A JSON parser that produces increasingly complete versions of the parsed value.

Downloads

12

Readme

jsonriver

Parse JSON incrementally as it streams in, e.g. from a network request or a language model. Gives you a sequence of increasingly complete values.

jsonriver is small, fast, has no dependencies, and uses only standard features so it works without polyfills or special bundle configuration anywhere that supports ES2022.

Usage:

// Full example at examples/fetch.js
import {parse} from 'jsonriver';

const response = await fetch(`https://jsonplaceholder.typicode.com/posts`);
const vals = parse(response.body);
for await (const val of vals) {
  renderer.render(posts);
}

Incremental Values

What does it mean that we give you a sequence of increasingly complete values? Consider this JSON:

{"name": "Alex", "keys": [1, 20, 300]}

If you gave this to jsonriver one byte at a time it would yield this sequence of values:

{}
{"name": ""}
{"name": "A"}
{"name": "Al"}
{"name": "Ale"}
{"name": "Alex"}
{"name": "Alex", "keys": []}
{"name": "Alex", "keys": [1]}
{"name": "Alex", "keys": [1, 20]}
{"name": "Alex", "keys": [1, 20, 300]}

Correctness

The final value yielded by parse will be the same as if you had called JSON.parse on the entire string.

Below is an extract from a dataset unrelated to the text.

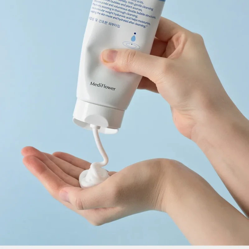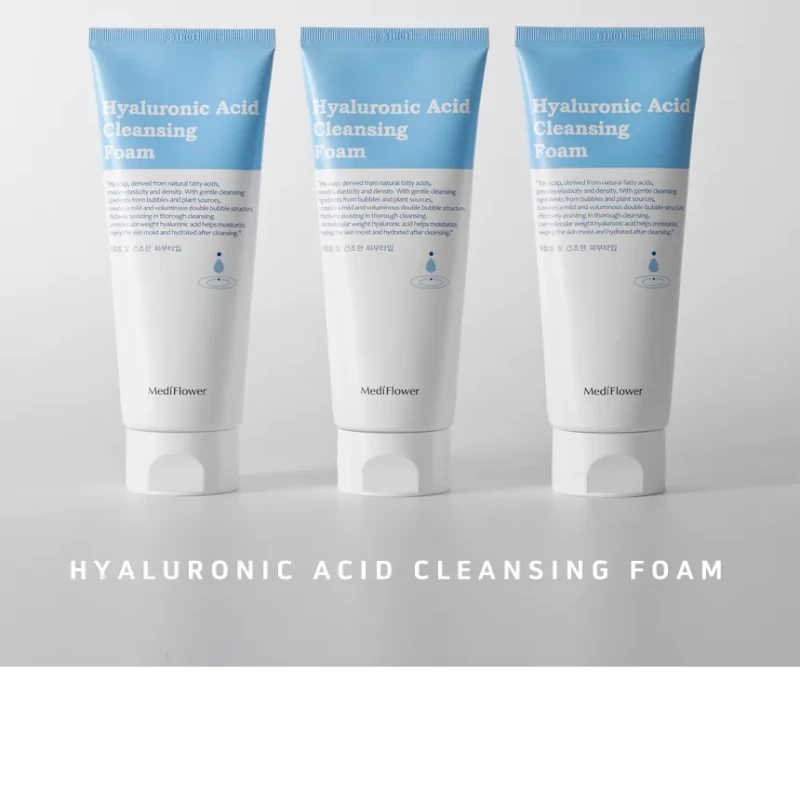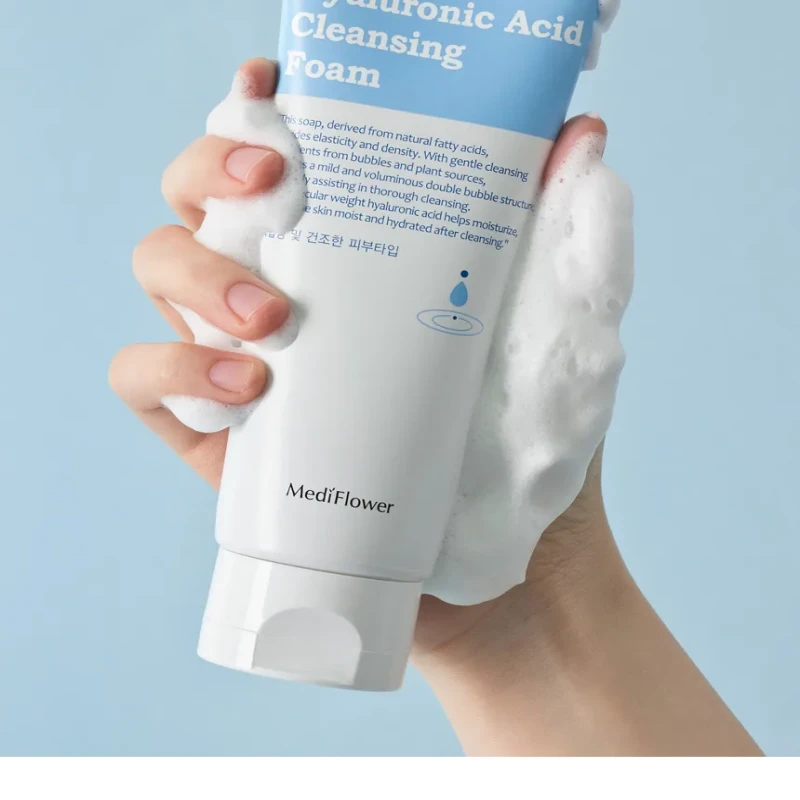 MediFlower Hyaluronic Acid Cleansing Foam (150ml) is a moisturizing, deep-cleansing foam designed to remove impurities and sebum while keeping skin hydrated, making it suitable for all skin types, especially dry and sensitive skin.

This is tested against the JSONTestSuite, matching JSON.parse's behavior on tests of correct, incorrect, and ambiguous cases.

Invariants

  1. Subsequent versions of a value will have the same type. i.e. we will never yield a value as a string and then later replace it with an array.
  2. true, false, null, and numbers are atomic, we don't yield them until we have the entire value.
  3. Strings may be replaced with a longer string, with more characters (in the JavaScript sense) appended.
  4. Arrays are only modified by either appending new elements, or replacing/mutating the element currently at the end.
  5. Objects are only modified by either adding new properties, or replacing/mutating the most recently added property.
  6. As a consequence of 1 and 5, we only add a property to an object once we have the entire key and enough of the value to know that value's type.

See also

The built-in JSON.parse is faster (~10x in simple benchmarking) if you don't need streaming.

stream-json, is larger, more complex, and a bit slower (~2-3x slower in simple benchmarking), but it's much more featureful, and if you only need a subset of the data it can likely be much faster.